Swedenborg says of the Philistines that "they do not reason from natural knowledges
about spiritual and heavenly things . . . but learn about the insights of faith and
keep them in their memory for the sole purpose of knowing them" (Arcana Coelestia §
1198). In Arcana Coelestia § 24689 he makes the further comment that they represent
people who are, in traditional terms, "in the knowledge of the Knowledges of truth
(and I'll come back to this "knowledge of Knowledges" later), and not in charity."
Then in Arcana Coelestia § 34122 he says that "in the Ancient Church and later, they
called people Philistines who paid little attention to life and a great deal of
attention to doctrine." Such passages add up to a predominantly negative picture of
the Philistines, and certainly in the history of Israel they are remembered as a
formidable enemy.
There are a few passages, however, that stand out as exceptions. One such is Arcana
Coelestia § 1197, where it is said simply that the Philistines represent "the
knowledge of the Knowledges of faith and charity." Similarly, Arcana Coelestia § 2504
says that they represent "the knowledge of the Knowledges of faith." The overall
impression is that the problem with the Philistines is not what they are or have, but
what they are not or do not have. Swedenborg would be the last to disparage knowledge
or doctrine-after all, he wrote and published one book called The New Jerusalem and
Its Heavenly Doctrine and four small works whose titles begin The Doctrine of . . .
.It is not the attention to doctrine that the Philistines are faulted for, but the
inattention to charity.
I propose this morning to look at this in two distinct but related contexts, first
the context of Swedenborgianism, and then the context of the regeneration process. I
trust the distinction between them is obvious; and the connection is most simply
indicated by the fact that our religion calls on us to be in process-to be changing.

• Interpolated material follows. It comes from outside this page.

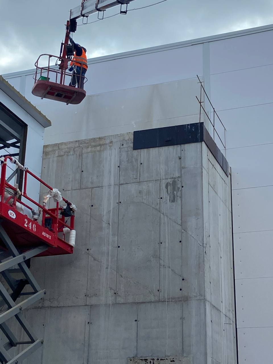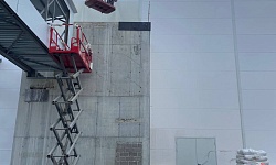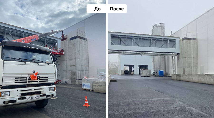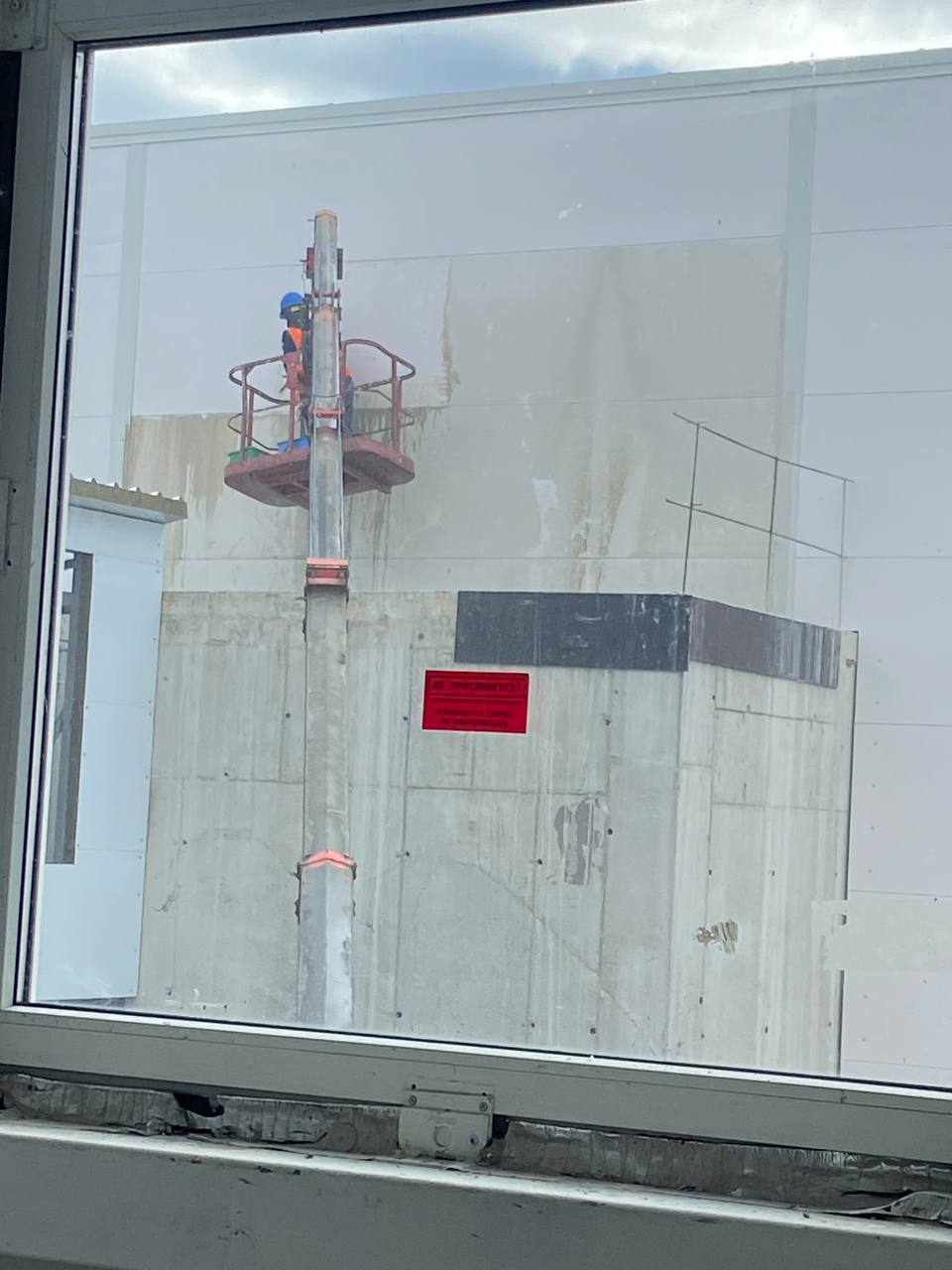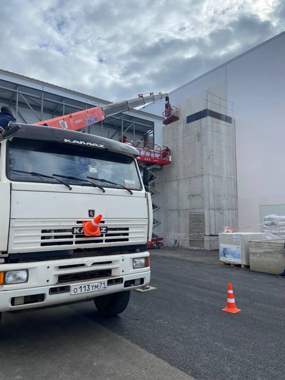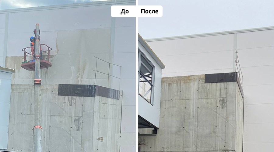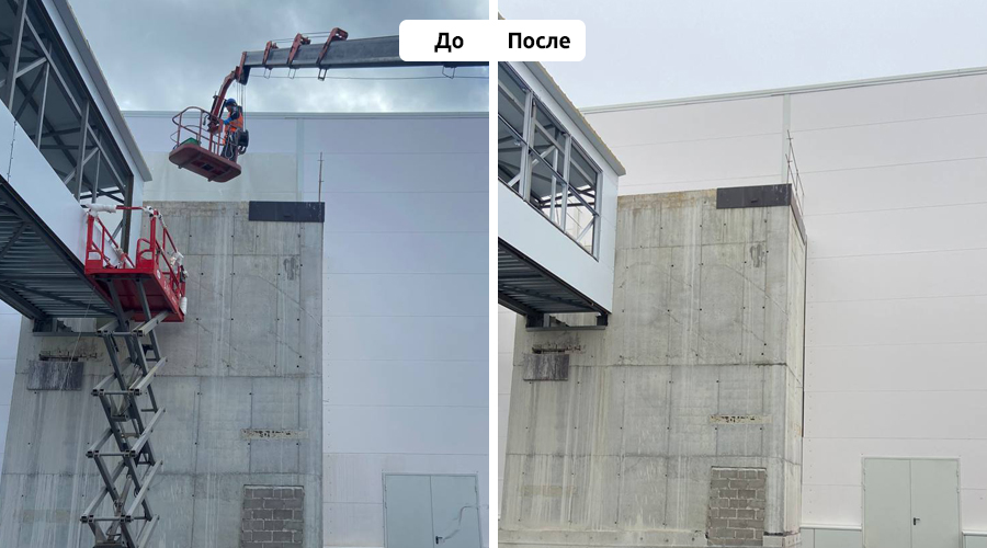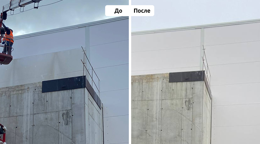 При выполнении работ столкнулись со стойкими послестроительными загрязнениями. Работы выполнялись с применением крана-манипулятора с пристегнутой люлькой.

This means there may well be states we have to pass through which are not
particularly attractive. This is hard to deny in view of Swedenborg's assertions that
evils cannot be resisted unless they become visible (Divine Providence §§ 1832, 278).
Let me turn first, then, to this matter of faith apart from charity in the context of
Swedenborgianism. We do have thirty volumes of doctrine, and we do want people to be
interested in them. Many of our churches started with reading circles, and adult
study groups have been one of the commonest features of our polity.
Nor should we underestimate the power of those doctrines. One of the first people, if
not the first person, to campaign actively for the abolition of the slave trade was
Charles Wadstrom, a reader of Swedenborg. Harriet Beecher Stowe was a reader as well,
and so was one of the leading figures in the abolition of serfdom in Russia. The
Swedenborg Foundation will shortly be publishing a collection of essays by Anders
Hallengren of Stockholm, and time after time, we encounter the theme of liberation.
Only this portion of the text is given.